1. We have considered whether this appeal is moot because the dam whose construction the plaintiffs sought to prevent has been completed. The plaintiffs represent that much of the damage sought to be enjoined will occur only when there is impoundment of water behind the dam, and they state that there has not yet been sufficient runoff to impound any water in the reservoir area. Thus, at least some of the destruction of vegetation and the inundation of the farmland could be avoided were we to prevent the impoundment of water. Furthermore, although the plaintiffs concentrated on only one structure in asserting the defendants' failure to prepare an EIS, their challenge actually related to the entire project remaining to be completed. We conclude that the appeal is not moot. See Richland Park Homeowners Association v. Pierce, 671 F.2d 935, 942-43 [12 ELR 20717] (5th Cir. 1982); Columbia Basin Land Protection Association v. Schlesinger, 643 F.2d 585, 591 n.1 [11 ELR 20537] (9th Cir. 1981).

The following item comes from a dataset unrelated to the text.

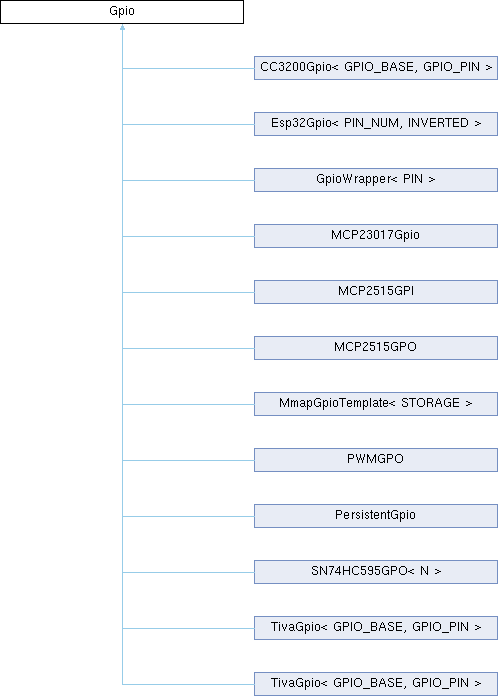 Implemented in GpioWrapper< PIN >, MCP23017Gpio, PersistentGpio, Esp32Gpio< PIN_NUM, INVERTED >, CC3200Gpio< GPIO_BASE, GPIO_PIN >, TivaGpio< GPIO_BASE, GPIO_PIN >, MmapGpioTemplate< STORAGE >, MCP2515GPO, MCP2515GPI, PWMGPO, and SN74HC595GPO< N >.
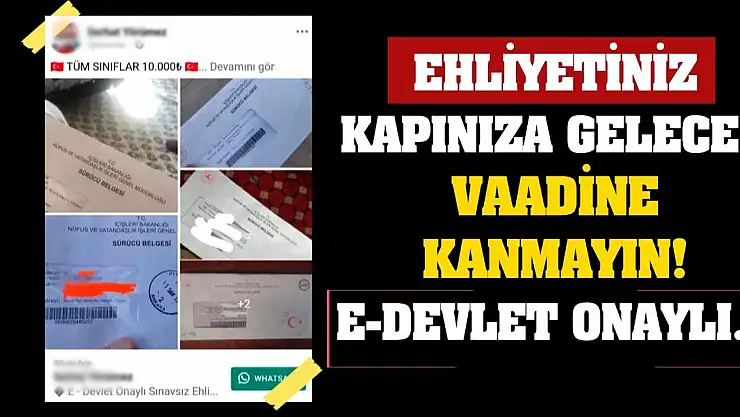“E-DEVLET'TEN ONAYLI EHLİYETİNİZ HAZIR’ VAADİNE DİKKAT”

2. Because of our disposition of this case, we need not consider whether the district court correctly resolved the issue of irreparable injury.

3. The appraisal also mentioned that nine archeological sites were found in the area of these dams, only two of which were recommended for further investigation. The defendant agreed to test these two archeological sites before awarding construction contracts on the structure potentially affecting them.

4. A member of the environment assessment team testified:

The land use changes are small, the people that are directly impacted, no one is being forced to move from their home or no one is losing their farmstead, their entire farming operation. No major highways are being intersected by flood waters or sediment pools. There are no significant historical or cultural resources that are being impacted by any of the sites. There are no endangered plants or animal species that are being affected by the sites. There are no significant major impacts of this project.

R. V, 347.

5. We also hold that under the circumstances of this case the district court did not err in refusing to grant the plaintiffs' request for a continuance of the hearing on the motion for the preliminary injunction.